7 E vai gerar tanto mais significado quanto mais o interpretante também compartilhar desse código de etiqueta tipográfica. Mas até esse ponto, nós estamos focados nesses aspectos técnicos a que, como disse Bakhtin, vão além de investigação humanística. O design gráfico como linguaguem tem funções que vão além dessa relação com a linguagem verbal. Além de contribuir e colaborar com uma otimização do código (escrita) conferindo uma maior possibilidade de comunicação de uma mensagem ou texto, o design também tem um importante papel de transcodificar textos em linguagem visual. São aqueles atributos da linguagem visual que não têm equivalente na linguagem falada. Waller cita por exemplo uma tabela, que contém inúmeras interações potenciais entre colunas e linhas.
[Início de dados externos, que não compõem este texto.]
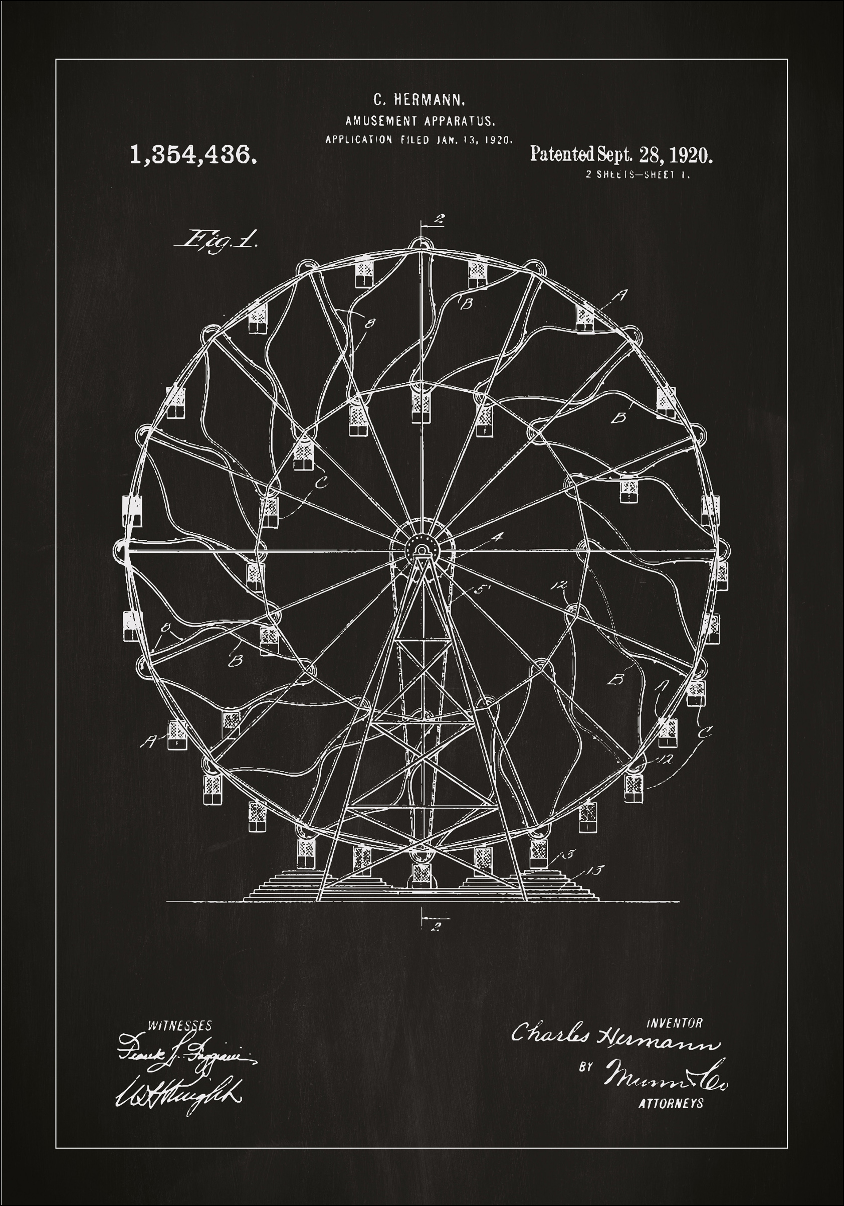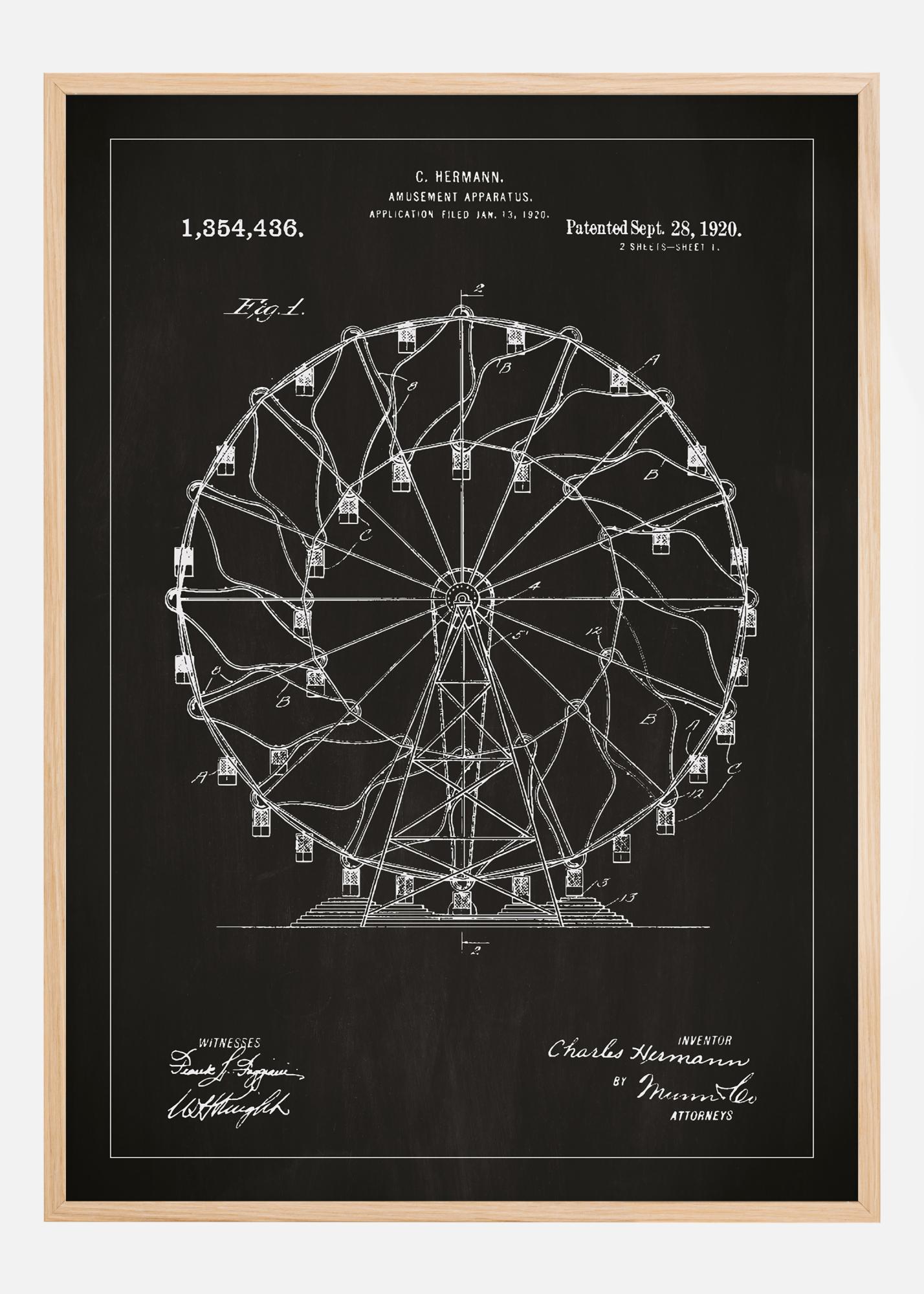 Ce poster de brevet présente la construction classique du parc d'attractions par C. Hermann, spécifiée dans le brevet numéro 1,354,436, délivré le 28 septembre 1920. Avec sa représentation détaillée d'une grande roue, ce dessin symbolise une époque d'innovation ludique et constitue un merveilleux élément de décoration pour quiconque a un cœur pour la vie récréative historique et la technologie. Le design intriqué et les détails minutieux attirent l'attention et procurent une sensation nostalgique.

Nesses casos, como no desenho de gráficos, diagramas e grafos essa analogia simples entre a linguagem verbal e a linguagem escrita (a de que o design está para a escrita assim como o gesto está para a fala) começa a ficar enfraquecida, e essa linguagem, a do design gráfico começa a ganhar atributos próprios que vão além das funções acima citadas. O desenho de um mapa, por expemplo, possui a modelização do espaço, como linguagem modelizante. O desenho do mapa das linhas de metrô de Londres por exemplo, vai ainda além da modelização espacial, além de uma simples representação geográfica, ao omitir a escala de distância entre as estações, trabalhando apentas com as relações topológicas entre os pontos que são as estações. O desenho de um logotipo, também um trabalho corriqueiro para muitos designer e agências, é um trabalho de transcodificação de valores e significados em uma linguagem visual, sendo através da construção do chamado ‘signo de comando’, uma marca que representa uma determina empresa ou organização, e é ultizado em inúmeras aplicações, como produtos, uniformes, fachadas, veículos, documentos etc.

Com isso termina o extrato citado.